D’autres risques sont externes et récents, tel par exemple celui encouru par les banques du fait de l’endettement croissant des Etats. Pour cette dette publique, la mobilisation de l’épargne intérieure est de plus en plus encouragée, en raison de son absence d’impact sur les besoins en devises étrangères, et constitue, dans la plupart des pays subsahariens, une part croissante des portefeuilles d’emplois bancaires. Elle offre en effet souvent un double avantage de rémunération satisfaisante et de risque modéré. L’UEMOA est entrée tardivement dans ce marché des créances étatiques, mais celui-ci a connu un développement considérable en une décennie tant par les obligations émises sur la Bourse Régionale (BRVM) que par les émissions de Bons et d’Obligations par les Etats. Les établissements bancaires sont devenus des participants très majoritaires sur ces deux marchés et leurs produits de trésorerie constituent une fraction croissante de leur portefeuille global d’emplois : elle dépasse en moyenne 25% de celui-ci en fin 2023, mais ce pourcentage est parfois nettement plus élevé. Cette orientation a été favorisée par les évolutions réglementaires et des taux de rémunération attractifs de ces placements, et la stratégie apparait satisfaisante tant que le fonctionnement du marché de ces titres publics se déroule sans accrocs, comme cela est le cas depuis son démarrage. Des zones d’ombre sont cependant apparues récemment. Les taux ont augmenté, poussés pêle-mêle par les incertitudes politiques sur certains pays, l’augmentation des besoins, les tensions de liquidité bancaire et les contraintes de la conjoncture. Ils se sont aussi davantage différenciés selon les Etats, exprimant une prime de risque pesant sur quelques emprunteurs. Les nouvelles alarmantes récemment apparues sur le niveau et le contenu réels de la dette publique sénégalaise et la restructuration inattendue de quelques emprunts obligataires en Côte d’Ivoire pourraient transformer les préoccupations en une véritable menace, si apparaissaient des défauts majeurs sur ce marché jusqu’ici très courtisé. Les impacts négatifs pourraient en être multiples : sur la liquidité voire la solvabilité des banques, sur le financement des Etats, sur l’activité économique. Les mêmes craintes pourraient concerner aussi les appareils bancaires d’autres pays subsahariens, contributeurs essentiels au financement d’un endettement public qui continue de croître.

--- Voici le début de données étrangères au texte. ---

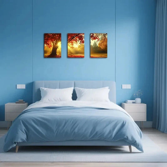 3pcs Autumn Vibrant Red & Orange Tree Scenery Metal Print Ready to Hang Art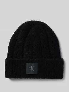 Czapka beanie damska CK Calvin Klein;Mieszanka materiałów z dodatkiem wełny;Brzeg;Imitacja bouclé;Naszywka z logo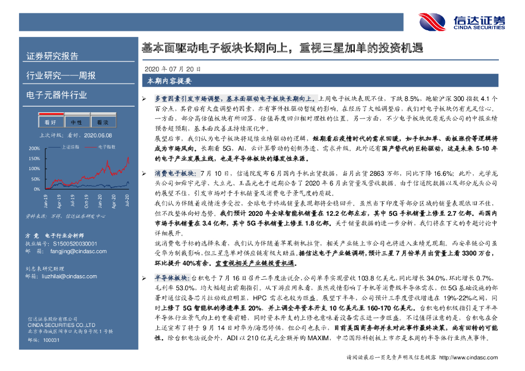 信达证券:电子行业周报:基本面驱动电子板块长期向上,重视三星加单的投资机遇.pdf

Les systèmes bancaires subsahariens ont montré depuis plus de 40 ans leur capacité à se reconstruire et à prospérer après une crise gravissime. Ils sont aujourd’hui un des rares secteurs d’activité de la zone qui soit à la fois, dans son ensemble, rentable, performant et aligné sur des standards internationaux. Ils devraient donc être en mesure de faire face aux nouveaux risques qui les défient. A cette fin, une condition sine qua non sera bien pour toutes les unités qui les composent le renforcement des fonds propres d’une manière ajustée à tous les risques qu’ils courent et aux investissements qui s’imposent. Ainsi mieux armées, les banques seraient en mesure de concrétiser des projets de croissance. Ces derniers pourraient se traduire par une expansion géographique, qui est le plus souvent déjà exprimée. Mais ils pourraient aussi prendre la forme, encore plus ambitieuse, d’un approfondissement de leur rôle dans chaque pays : poids accru de leurs concours dans l’économie, financement intensifié de secteurs orphelins telles les PME, coopération plus marquée avec les autres activités financières -assurances, bourse, ..- dont l’essor est fort insuffisant, .. L’intérêt de tels objectifs est souligné depuis longtemps et serait déterminant pour le transformation en profondeur des structures économiques et l’obtention d’un véritable développement. Mais il suppose la création par les Etats et leurs partenaires d’un environnement propice à cette mutation. Cet objectif bénéficie rarement d’une priorité continue en raison d’autres urgences. Sans doute est-il grand temps d’accélérer ce mouvement pour donner aux banques l’occasion et la responsabilité de jouer dans de bonnes conditions un rôle à la mesure de leurs ambitions.